» Supplied information
------

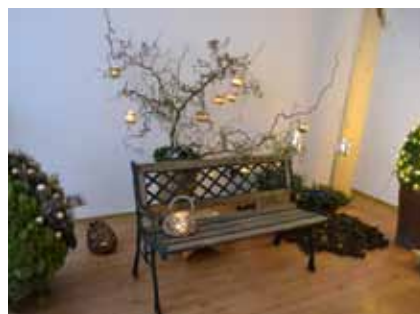
Školní výstavy pro širokou veřejnost v nově vystavěných prostorech pro praxi
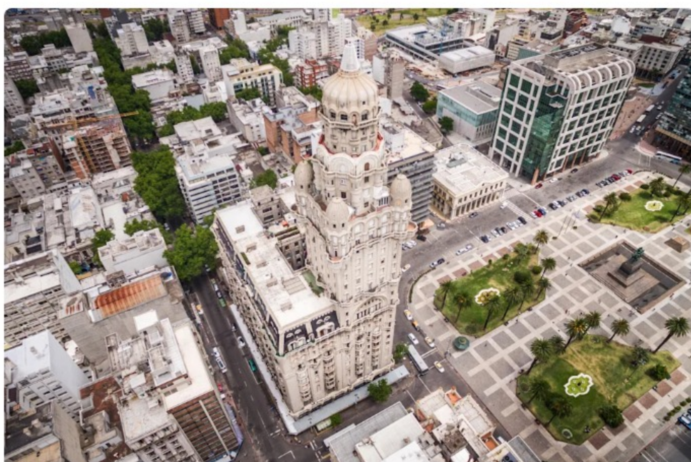
Los socios de dLocal suman con su patrimonio el 10% del PIB de Uruguay en 2020.
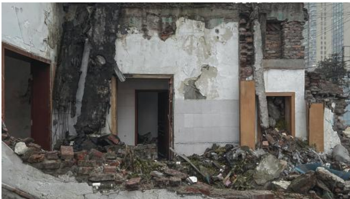
图2 废墟外部，依旧可以看到清晰的墙体结构的搁置空间，2023 拍摄于长沙
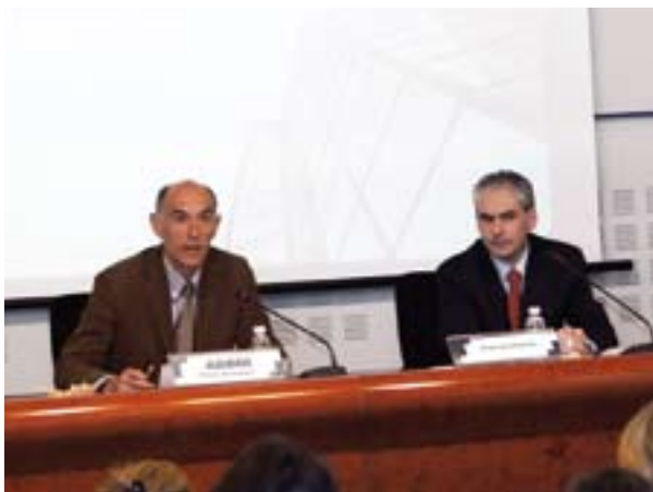
24.04.08. Trescientas empresas analizan en sendas jornadas en ADEGI las exigencias del nuevo Plan General de Contabilidad.

------

» Action item
Apart from the images, please copy every line of the data exactly as written.

» Finished task
Školní výstavy pro širokou veřejnost v nově vystavěných prostorech pro praxi
Los socios de dLocal suman con su patrimonio el 10% del PIB de Uruguay en 2020.
图2 废墟外部，依旧可以看到清晰的墙体结构的搁置空间，2023 拍摄于长沙
24.04.08. Trescientas empresas analizan en sendas jornadas en ADEGI las exigencias del nuevo Plan General de Contabilidad.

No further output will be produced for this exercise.